В середине ноября было грустное отпевание и погребение. У Чеховых не прижился Павлик. В один из дней он с утра стал жаловаться на сильные боли в груди, повезли его срочно во Псков в больницу, а он там и умер. Вскрытие показало обширный инфаркт. У мальчика с детства было больное сердце. В Саласпилсе оно, как видно, заледенело, а тут оттаяло у добрых людей и расползлось.
— Всё-таки у нас детки растут и прививаются, и не болеют нисколько, — говорила матушка Алевтина. — Тьфу-тьфу-тьфу, конечно, надо постучать по столу.
— Ну какое тьфу-тьфу-тьфу! Ну какое по столу! — возмущался отец Александр. — Ведь ты же по-па-дья! Супруга священнослужителя! Протоиерея! И какие-то при этом присутствуют языческие «тьфу-тьфу-тьфу»!
— И прав ты, отец Александр. Глупа я у тебя. Надо говорить: «спасибо тебе, Боже!»
— И опять глупость сказала! «Спасибо» означает: «спаси тебя Бог». Получается, ты Богу говоришь, чтобы он сам себя спас. Ну, как будто ты не за попом тридцать три года живёшь! Век живи, век учи тебя, матушка Алюшка! Эх ты, солнышко моё!
И снова отец Александр с Алевтиной Андреевной ехали в Сырую низину к остервенелому коменданту Вертеру. Он мог и вообще не принять или принять лишь для того, чтобы поиздеваться. Так получилось и на сей раз. Он гавкал, а матушка переводила:
— Говорит, что больше никакого общения с заключёнными вообще не будет, потому что в лагере эпидемия тифа. Кроме того, говорит, что вышло распоряжение фюрера сворачивать работу с русскими священниками, которые не оправдали возложенных на них надежд. Скоро, говорит, на нас начнётся крестовый поход, всех нас арестуют и повесят, а храмы наши сожгут. Если, говорит, вам любезнее ваш Сталин, то всем вам дорога в выгребную яму.
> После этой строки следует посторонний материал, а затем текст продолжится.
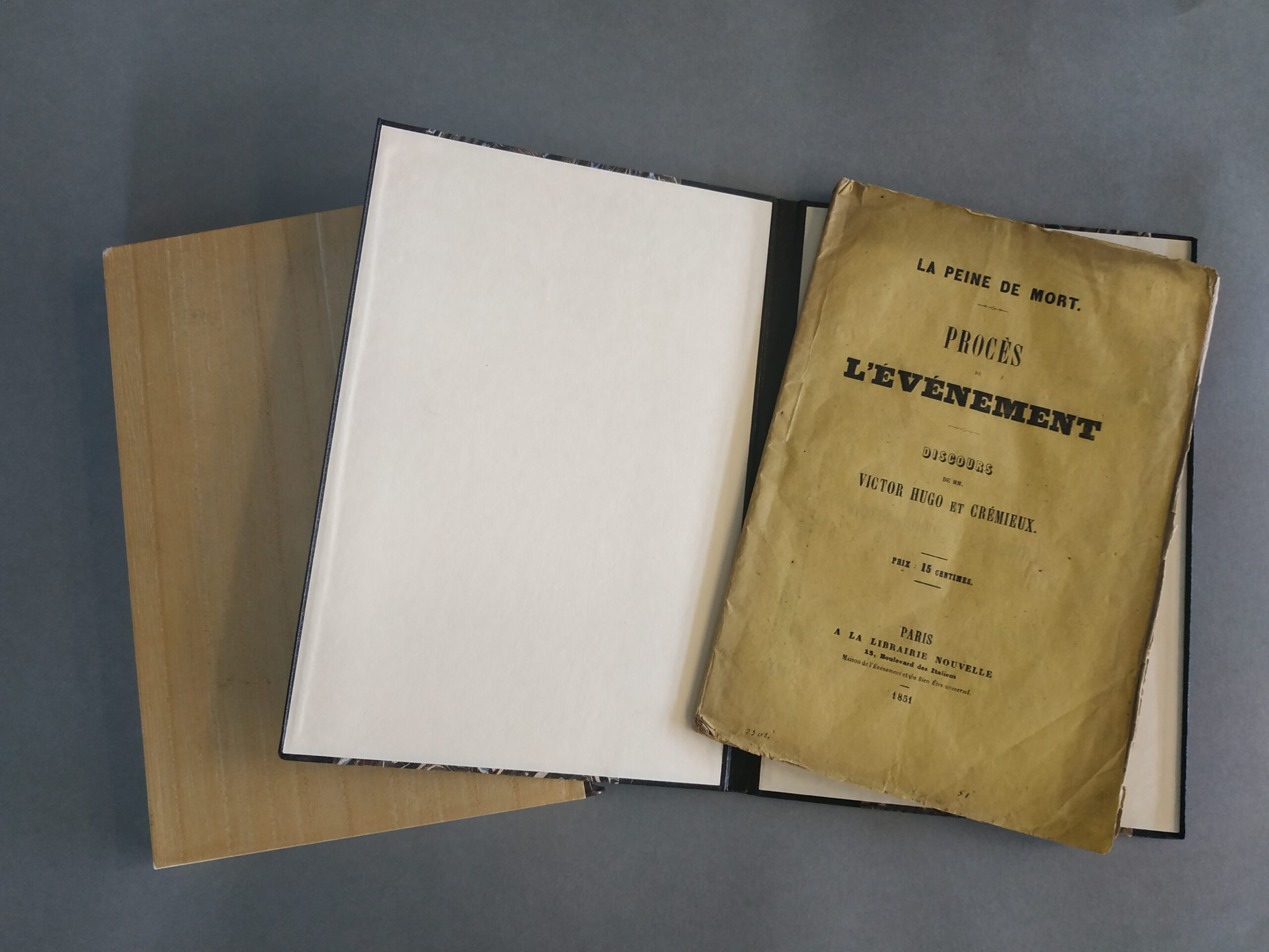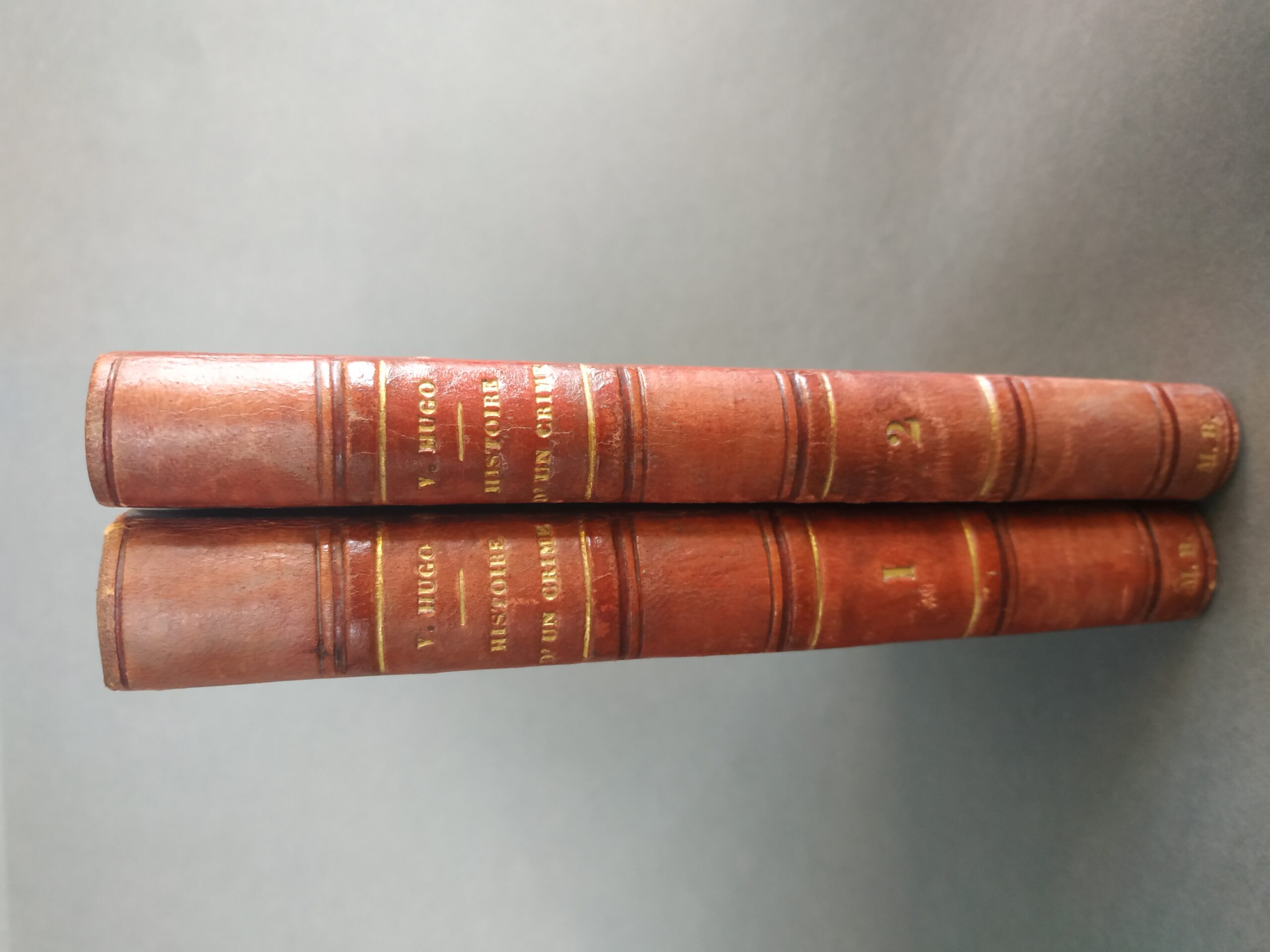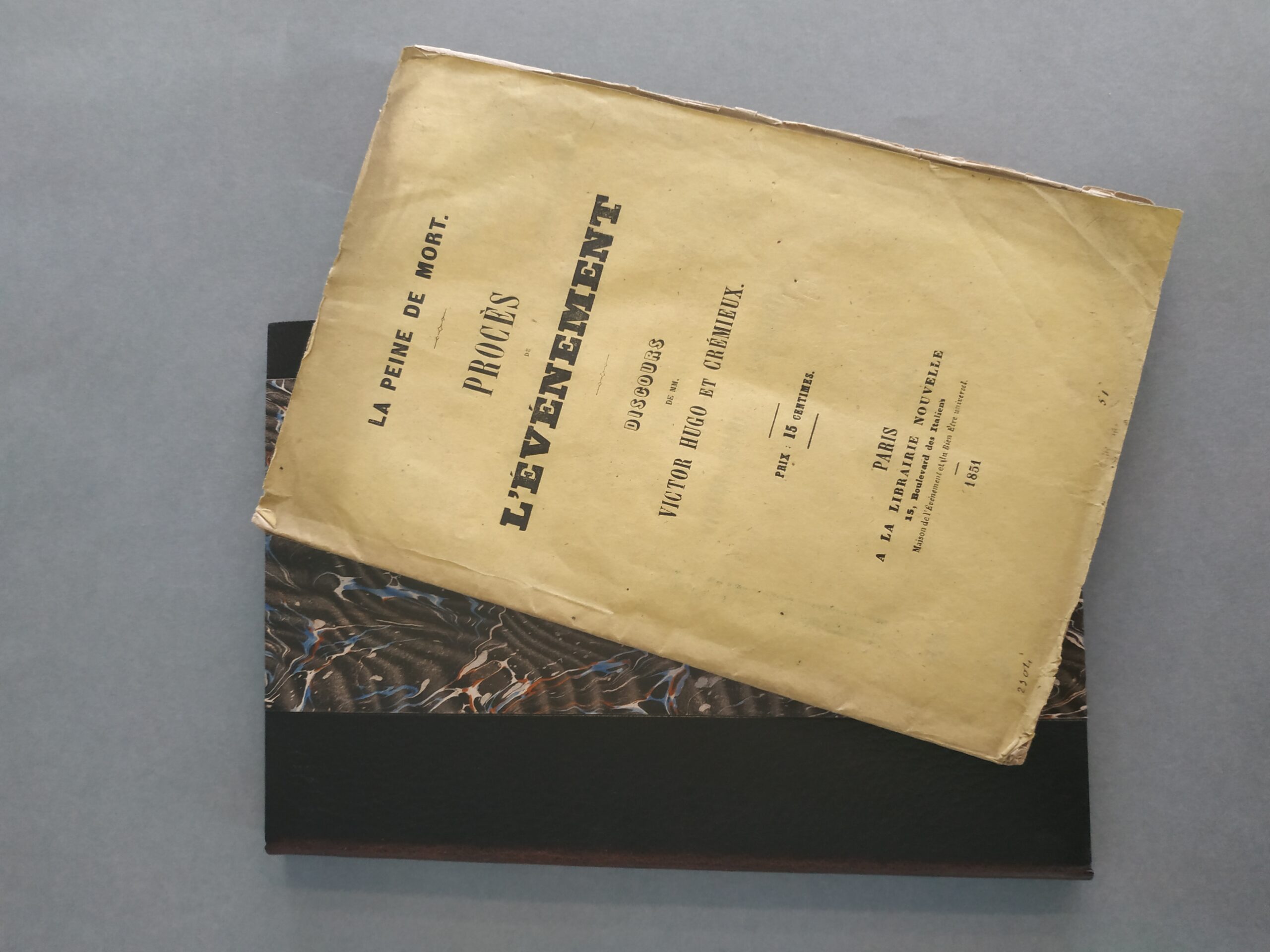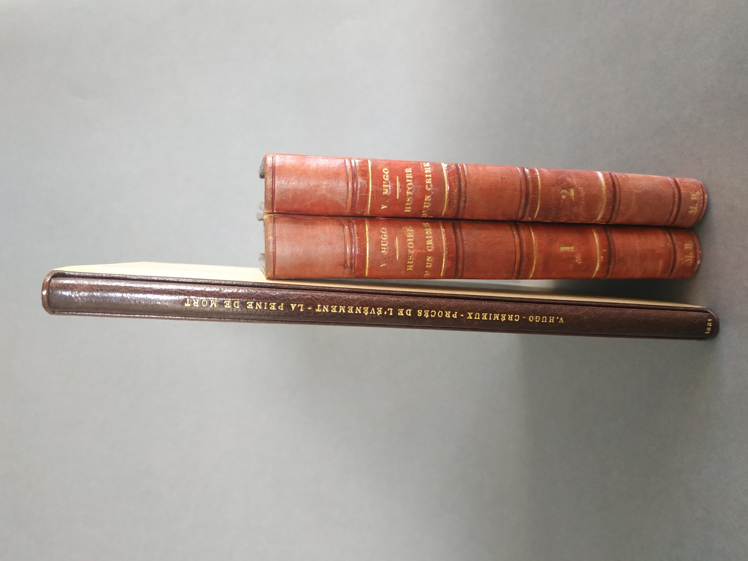 Hugo (Victor), La peine de mort. Procès de « L’Evènement ». Discours de MM. Victor Hugo et Crémieux. [Cour d’assises de la Seine, 11 juin 1851], Paris, Librairie nouvelle, 1851, II-48 p., in-8, plaquette brochée, étui de demi-maroquin moderne. Cote : BH 5839 Hugo, Victor, Histoire d’un crime, 8e éd., Paris, Calmann Lévy, 1877-1878, 2 vol., (304 ; 301 p.), in-12, broché, demi-basane de l’époque. Cote : BH 5836.

Унылым было возвращение домой. Отец Александр лишился доступа к своему воинству. Да и подобных угроз прежде Вертер себе не позволял. Видать, и впрямь Гитлер задумал крестовый поход на Православие. В тот же вечер к отцу Александру явился посыльный немец с письмом из комендатуры, в котором сообщалось, что согласно циркуляру свыше впредь в школах запрещено преподавание Закона Божия.
— Да, пошло-поехало! — сказал отец Александр. — Это за то, что мы отказались отречься от Патриарха. Небось, зарубежники себе льгот заработали на своей конференции.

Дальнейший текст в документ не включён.